A skill describes the analysis; a BioMate workflow is the analysis, executed. The columns aren't better and worse versions of the same thing — they're different categories.
	Public agent skill	BioMate workflow
What it is	A `SKILL.md`: prose + an example snippet for an agent to read	Executable workflow code (Nextflow + R), pinned to a container image
"Validation" means	CI checks the document — headings, frontmatter, date	Run end to end on real input; the output is verified
Versions	Guidance ("0.4+") — not pinned	Exact image, pinned and reproducible
Environment	You build it	Already dependency-complete
Step-to-step data contract	Described in prose	Carried and checked by the pipeline
Run it by asking	No — an agent assembles it and hopes	Yes — plain-English request → result
Provenance	None	An audit trail of exactly what ran
If it would fail	It fails in your hands, at runtime	It's fixed and re-validated before it's offered

This is grounded in the same work as our open knowledge base, BioMate-KB — 15,641 Bioconductor workflow steps, NAMESPACE-validated, linked to container images and software DOIs, and, for the validated head of the collection, confirmed by real end-to-end execution. The public bundle covering the top 200 packages is free under CC-BY-4.0; clone it and build on it: github.com/bioMate-AI/biomate-bioconductor-kb.

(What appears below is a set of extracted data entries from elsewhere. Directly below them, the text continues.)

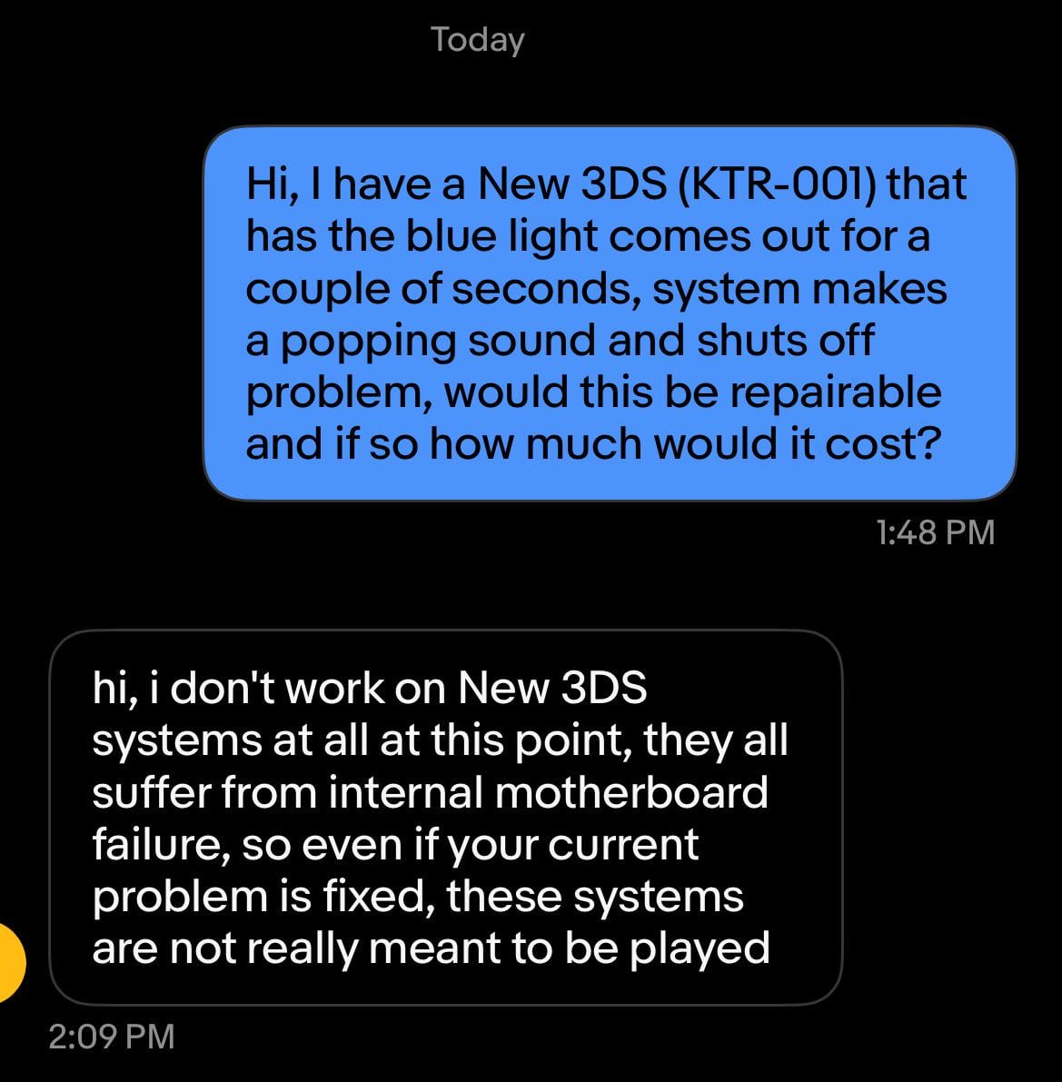 Not true at all. The issue is either with the top/bottom screen backlight/data ribbon cable, speaker ribbon cable, or camera ribbon cable. It *could* be an issue with the motherboard (e.g a broken connector), but thats a bold assumption to make and likely not what they mean. It sounds like theyre talking about hardware failure, which this is not an indication of in the slightest. If the issue is fixed it will work just fine, not sure why theyre telling you otherwise.
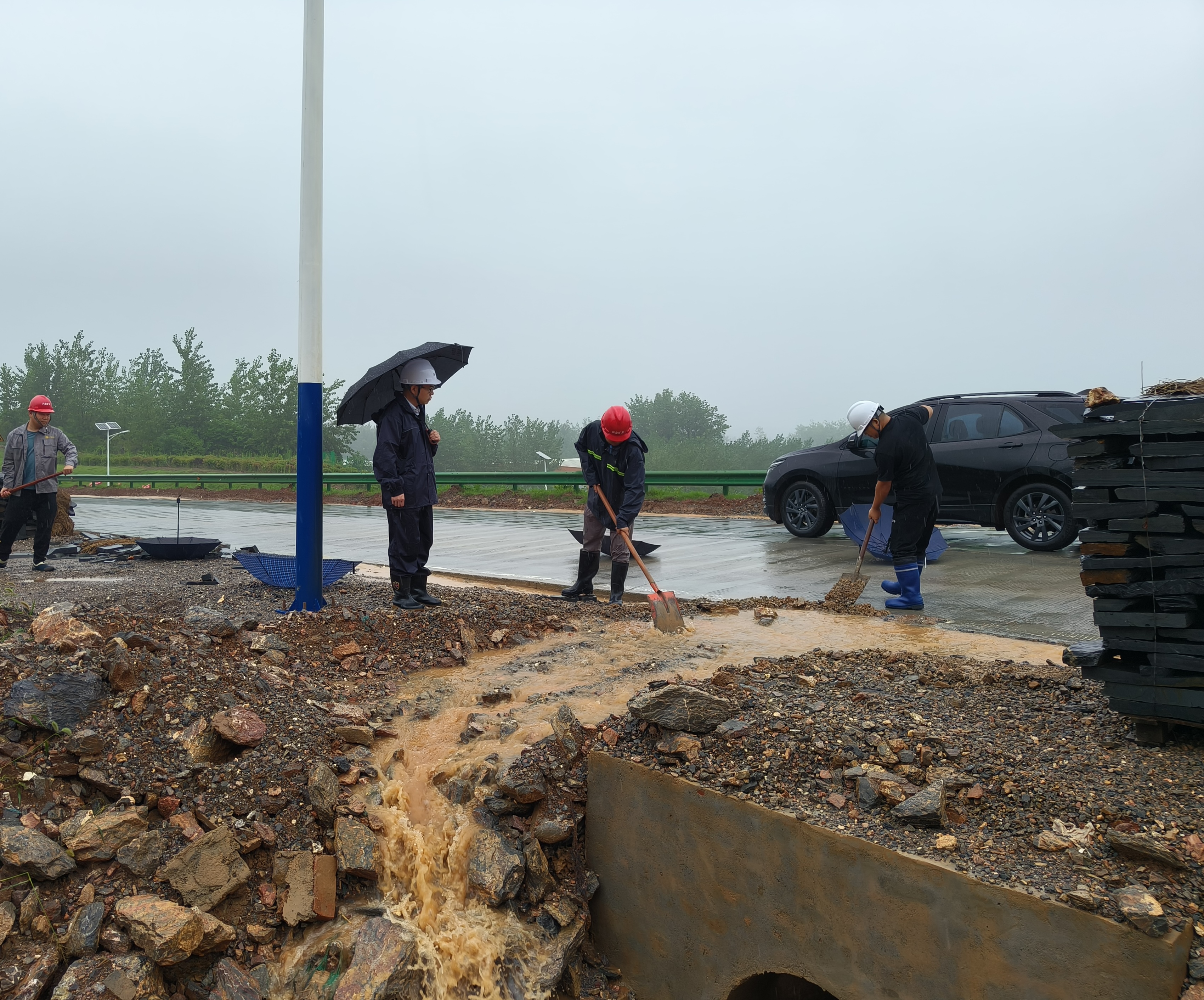 搶險(xiǎn)現(xiàn)場,黨員干部帶頭,通過沙包筑堤、開挖排水溝等措施進(jìn)行預(yù)防,同時對礦區(qū)、加工區(qū)開展全面隱患排查。中午,水塘漫堤隱患消除。
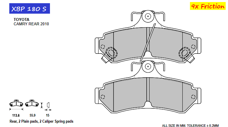 TOYOTA CAMRY REAR 2010 Rear, 2 Plain pads, 2 Caliper Spring pads
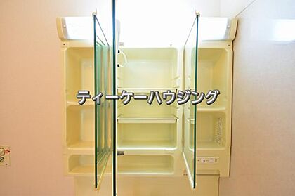 三面鏡の裏には収納がたっぷり。洗面室をすっきりきれいに使えます。
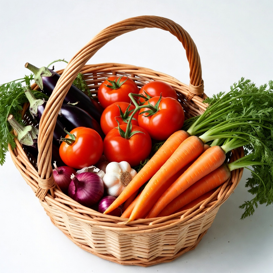 A basket holds a variety of vegetables including carrots, tomatoes, garlic, and onions. It is set against a plain background.
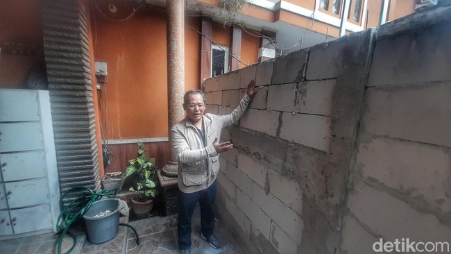 Pantauan detikJabar, di depan sebuah kosan tersebut berdiri benteng atau tembok dengan ketinggian dua meter dan panjangnya sekitar tiga meter. Benteng tersebut dtembok oleh tetangganya dengan inisial N (70).
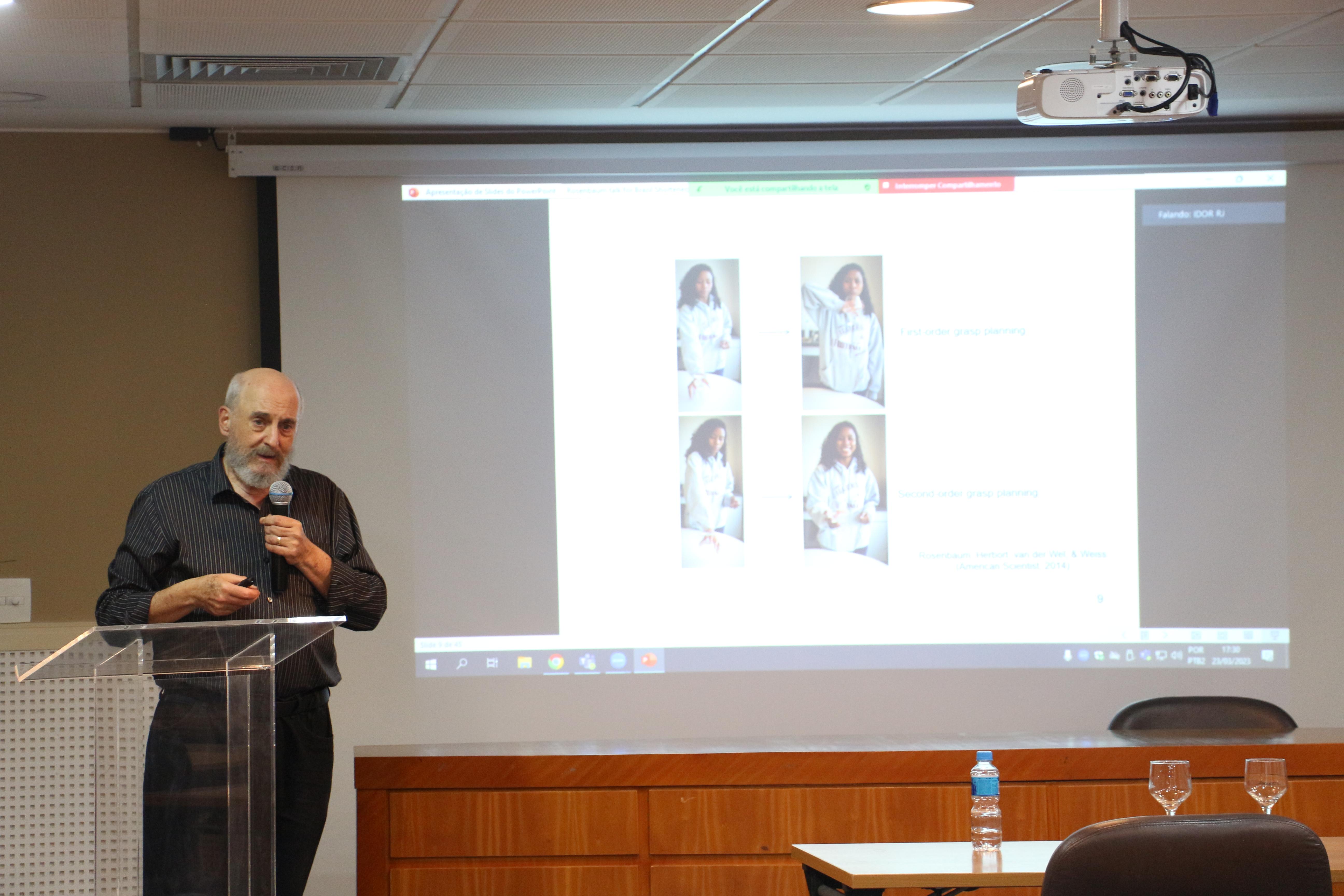 Nesta quinta-feira, 23/03, o Instituto D’Or de Pesquisa e Ensino (IDOR) recebeu um convidado internacional, o Dr. David A. Rosenbaum, para a realização de uma palestra na sede do Rio de Janeiro, em Botafogo. A reunião ocorreu de forma presencial no auditório e on-line para participantes remotos. A introdução coube ao Dr. Roberto Lent, neurocientista do IDOR e coordenador da Rede Nacional de Ciências para Educação (Rede CpE).
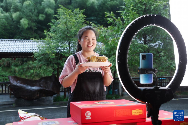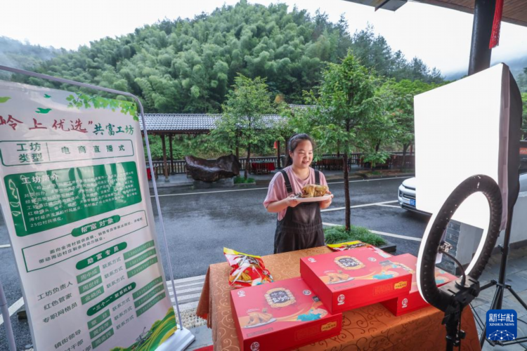 9月19日,岭北镇“岭上优选”共富工坊的工作人员在直播销售岭北盐焗鸡。
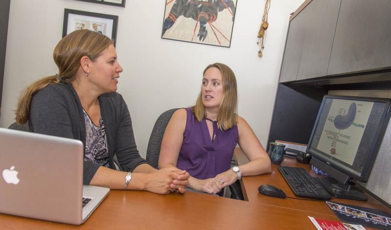 Natalie Farny, left, and Patricia Stapleton discuss a
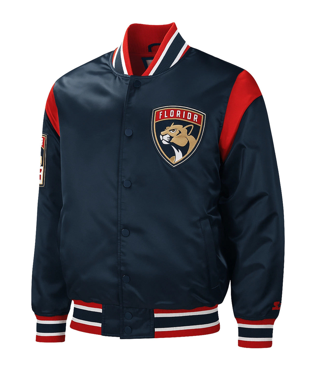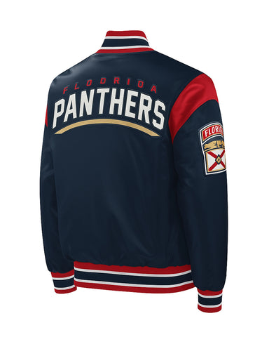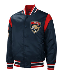 Show your unwavering team spirit with the Florida Panthers Force Play Jacket, a must-have for every dedicated fan. Crafted from luxurious navy blue satin jacket, this outerwear boasts authentic team logos prominently displayed on both the front and sleeve, making it instantly recognizable. The smooth, premium satin exterior combined with a soft, comfortable viscose inner lining ensures an exceptional feel and warmth.
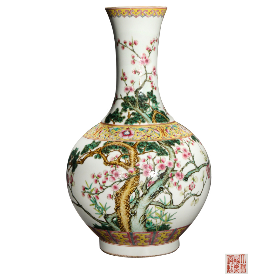 清嘉庆 粉彩松竹梅赏瓶
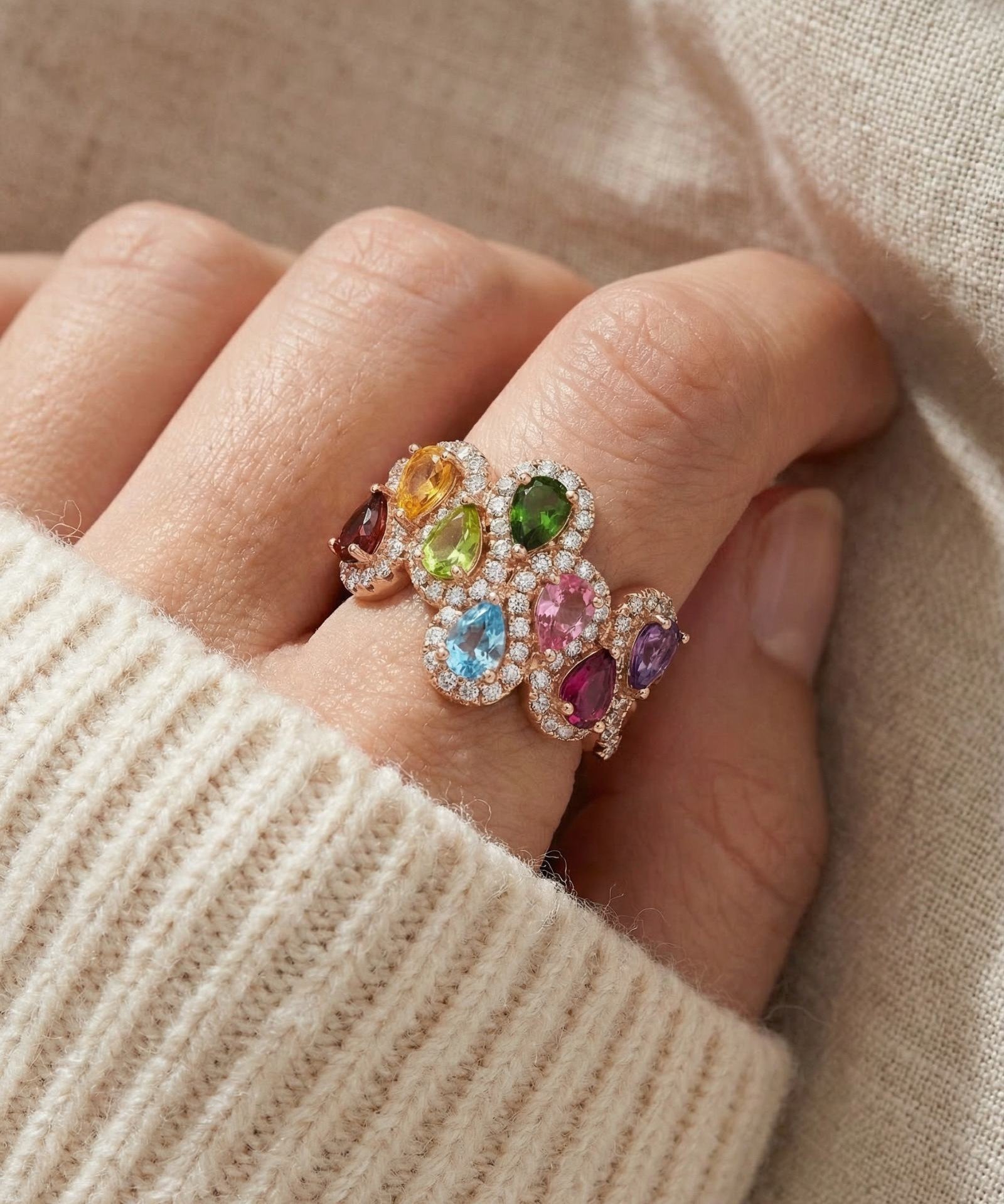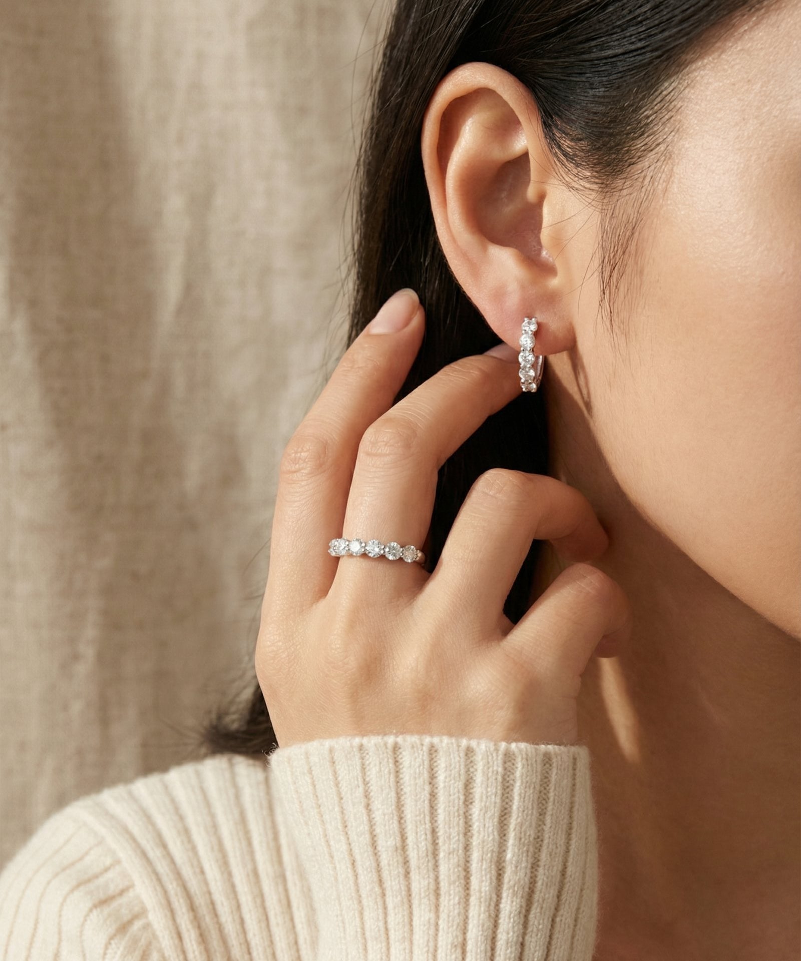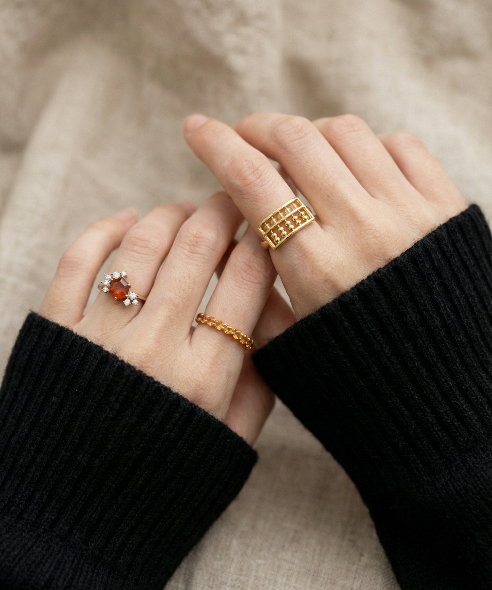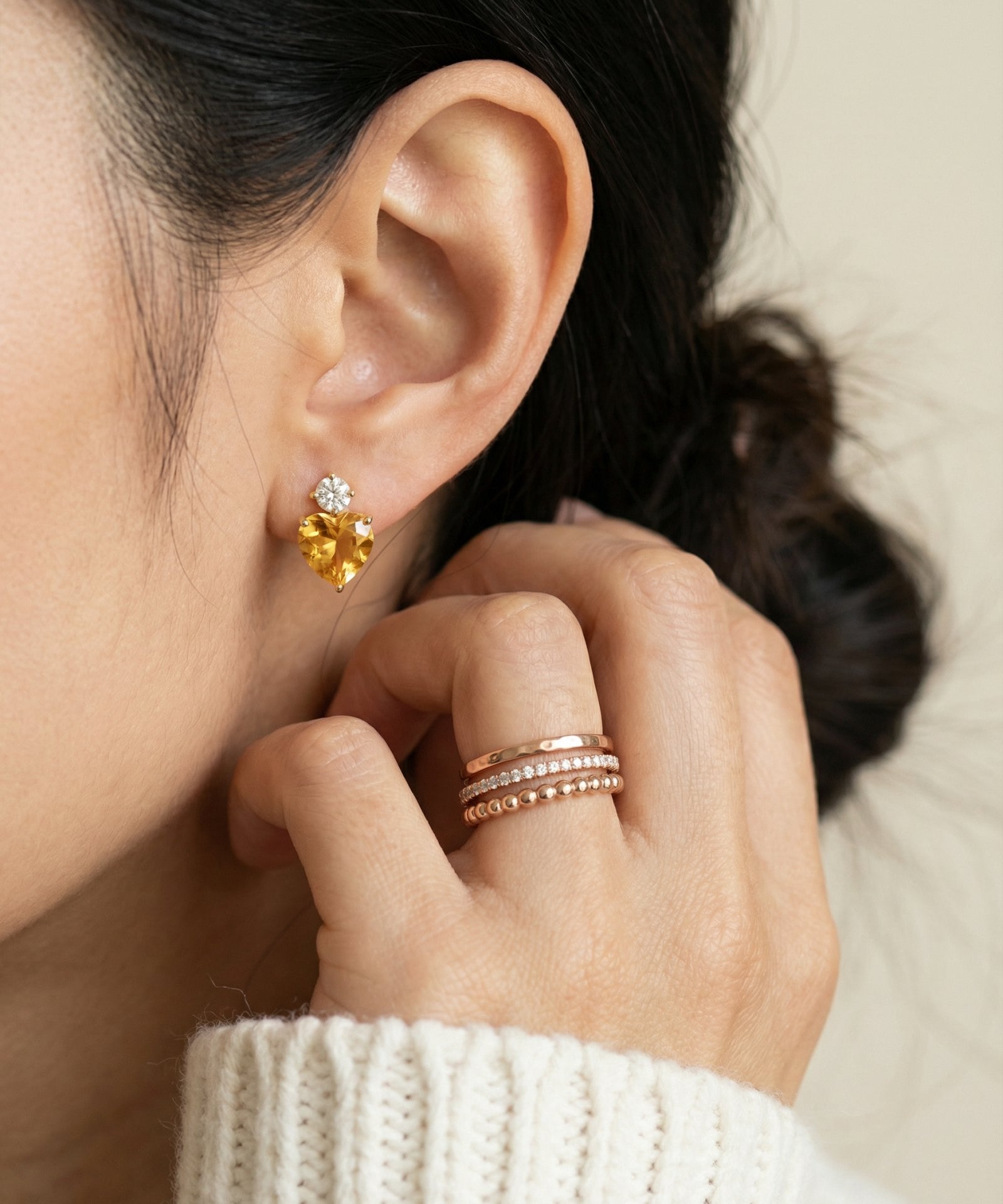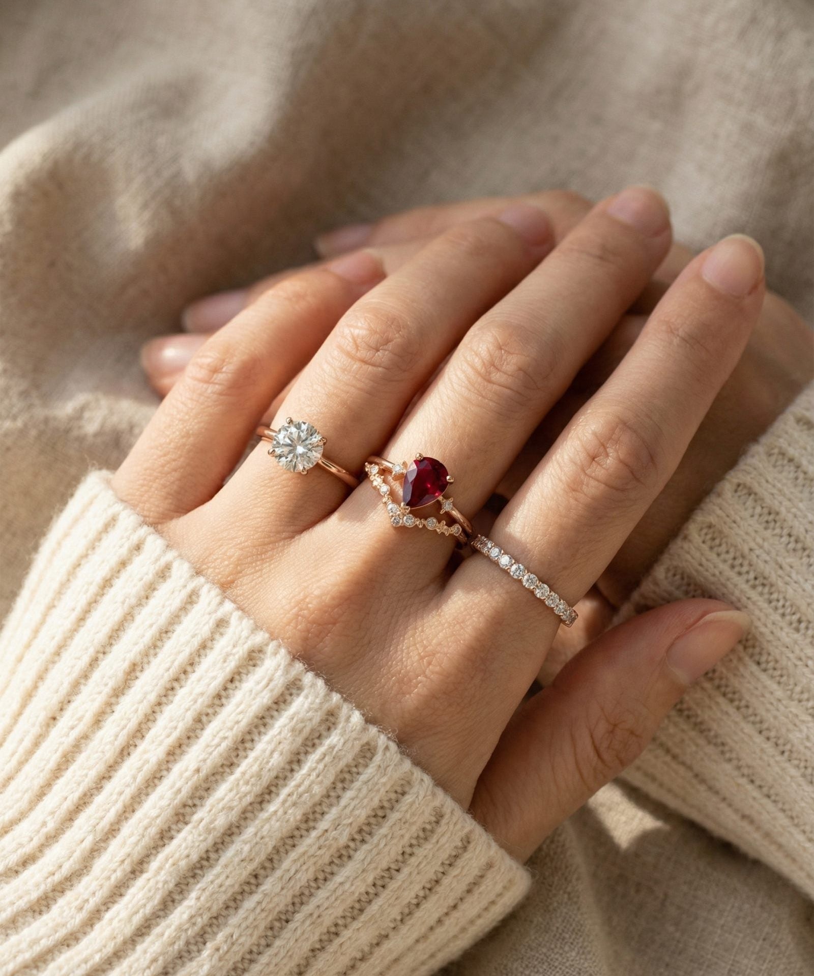 Each piece is thoughtfully constructed with secure settings, smooth finishes, and quality materials. Whether it’s spinning, stacking, or sparkling, our designs are made to keep up with your day — and your stories.
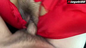 asian slut in red takes long cock deepthroat then creampie tight shaved pussy
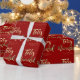 Feliz Navidad Spanisch Frohe Weihnachtsbriefe Typografie, festes Rot und Gold, Imitate Gold Foil Text auf rotem Hintergrund, Moderne Schrift, Chic Weihnachtsgeschenkpapier

When a skill is the right tool

To be fair to the skill libraries: they are good for what they are. If you are an expert who wants a well-organized reference your agent can pull how-to guidance from — parameter hints, a troubleshooting table, the canonical citation — a good skill is genuinely useful, and the better libraries are worth reading. The honest line is not "skills are bad." It's that a skill and a validated, executed workflow are different categories: one tells an agent how the analysis goes; the other is the analysis, already run, ready to return a result. If what you want is a correct result without spending the afternoon resolving Bioconductor versions and chasing a data-contract mismatch, that difference is the product.

BioMate is a life-sciences AI platform that turns validated computational workflows into something you can run by asking. The skill ecosystem is getting better at telling an agent how an analysis goes. BioMate is the part that actually runs it.

The takeaway

Bioinformatics agent skills improved in 2026 — real R DESeq2, citations, even CI. But that CI validates the document, not the run; the code is never executed against real data. A skill tells an agent how an analysis goes. BioMate runs it — in a dependency-complete container, on real input, with the output verified — and returns the result.